(PROBLEM) For the records below, output word for word the lines from the one with "Новый улучшенный твердый" up to and including the one with "为进一步加强商学院师德建设,提升商学院青". No pictures.

(GIVEN DATA)

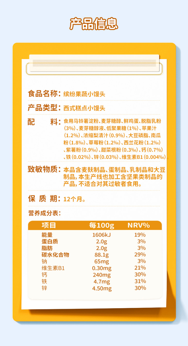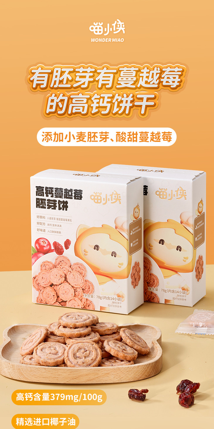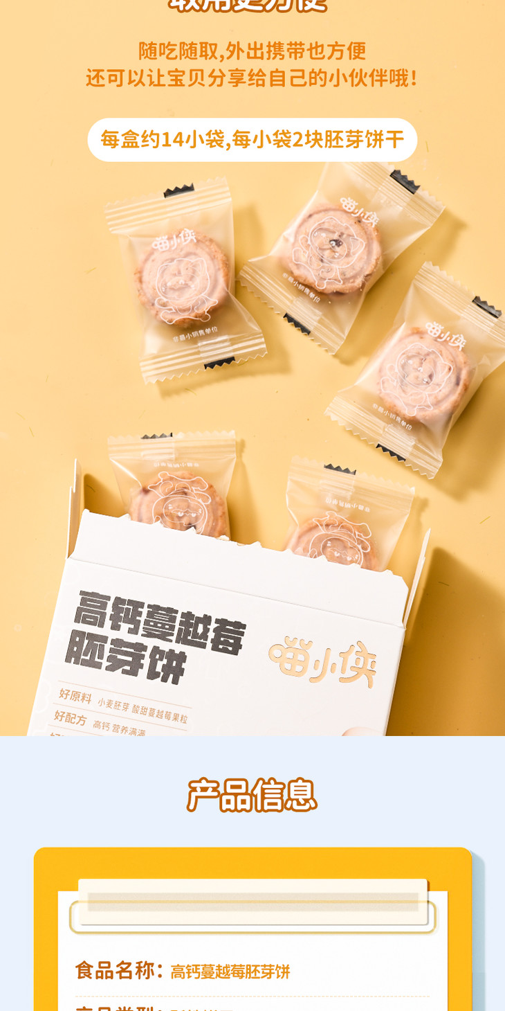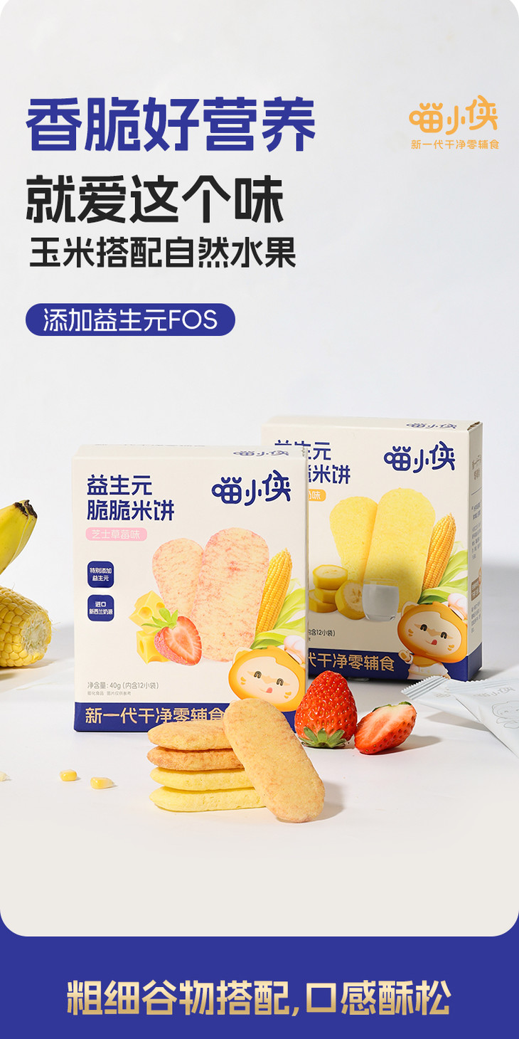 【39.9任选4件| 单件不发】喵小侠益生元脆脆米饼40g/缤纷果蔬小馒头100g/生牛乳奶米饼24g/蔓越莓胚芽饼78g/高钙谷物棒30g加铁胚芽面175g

* * *

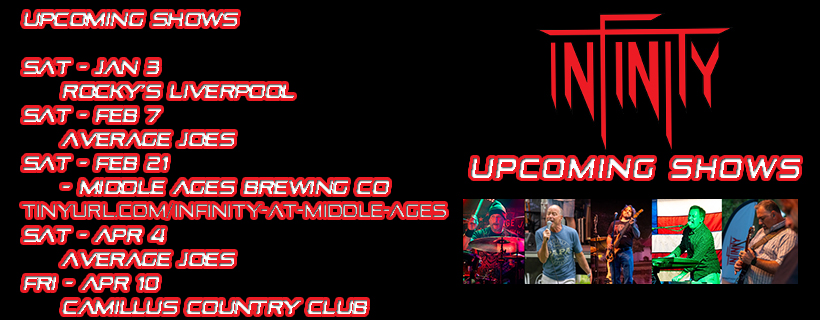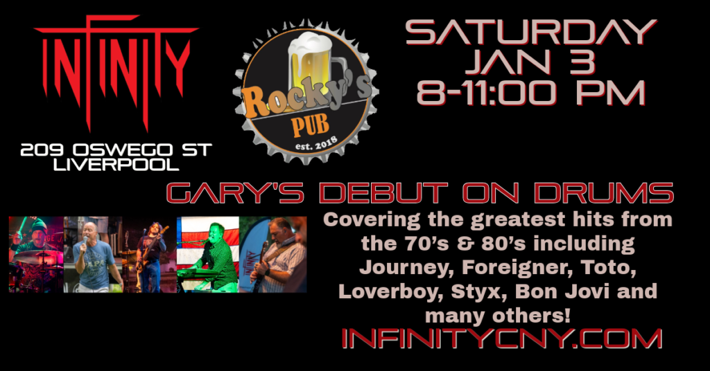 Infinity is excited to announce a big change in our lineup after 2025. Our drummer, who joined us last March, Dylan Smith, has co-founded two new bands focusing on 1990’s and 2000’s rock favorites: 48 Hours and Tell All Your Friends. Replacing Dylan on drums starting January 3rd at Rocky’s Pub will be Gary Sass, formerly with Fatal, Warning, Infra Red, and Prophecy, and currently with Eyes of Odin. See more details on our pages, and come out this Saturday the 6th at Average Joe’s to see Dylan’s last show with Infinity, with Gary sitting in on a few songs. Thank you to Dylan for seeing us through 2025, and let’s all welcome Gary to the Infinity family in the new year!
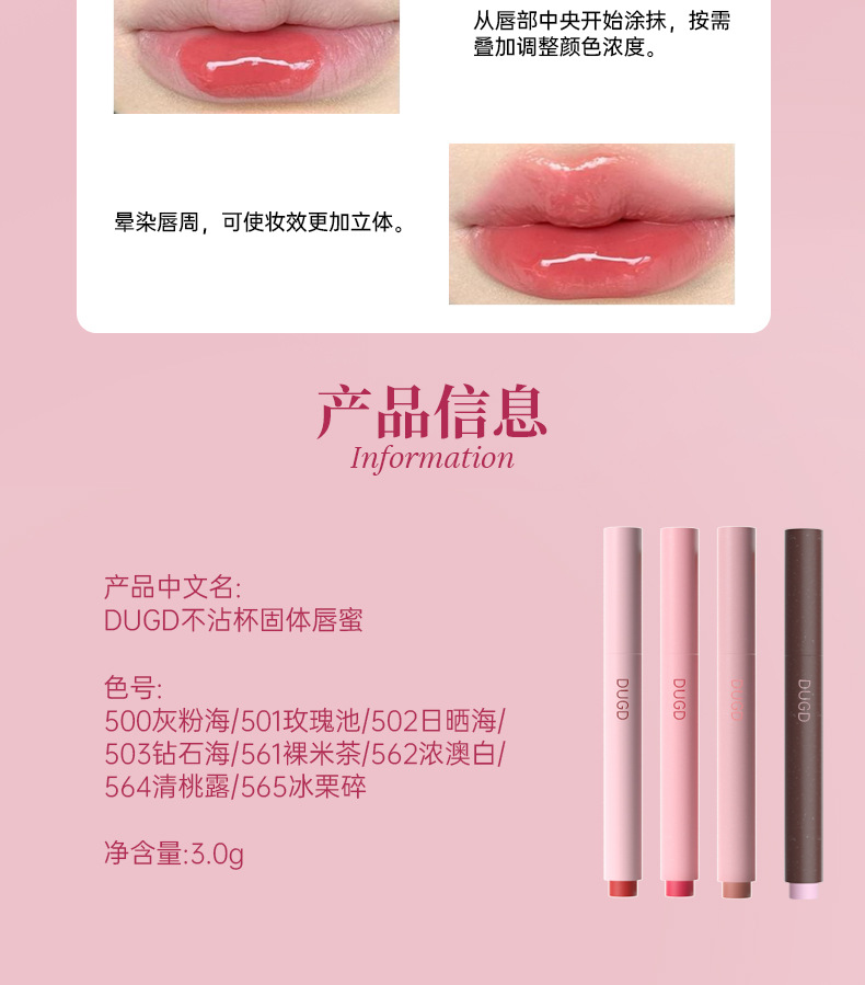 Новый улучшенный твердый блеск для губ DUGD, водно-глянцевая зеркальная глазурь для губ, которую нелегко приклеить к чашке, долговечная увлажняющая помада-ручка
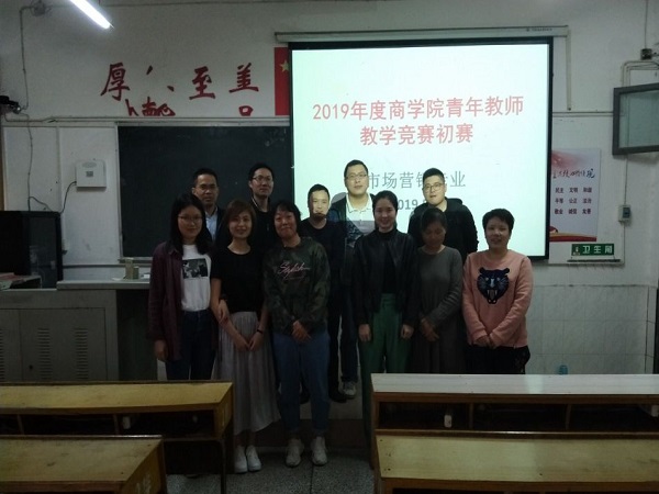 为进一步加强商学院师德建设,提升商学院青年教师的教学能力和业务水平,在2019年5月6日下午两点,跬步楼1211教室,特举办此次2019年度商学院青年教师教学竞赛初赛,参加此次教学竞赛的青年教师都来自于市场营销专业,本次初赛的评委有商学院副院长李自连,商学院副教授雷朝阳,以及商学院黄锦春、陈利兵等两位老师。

(ANSWER BELOW)
 Новый улучшенный твердый блеск для губ DUGD, водно-глянцевая зеркальная глазурь для губ, которую нелегко приклеить к чашке, долговечная увлажняющая помада-ручка
 为进一步加强商学院师德建设,提升商学院青年教师的教学能力和业务水平,在2019年5月6日下午两点,跬步楼1211教室,特举办此次2019年度商学院青年教师教学竞赛初赛,参加此次教学竞赛的青年教师都来自于市场营销专业,本次初赛的评委有商学院副院长李自连,商学院副教授雷朝阳,以及商学院黄锦春、陈利兵等两位老师。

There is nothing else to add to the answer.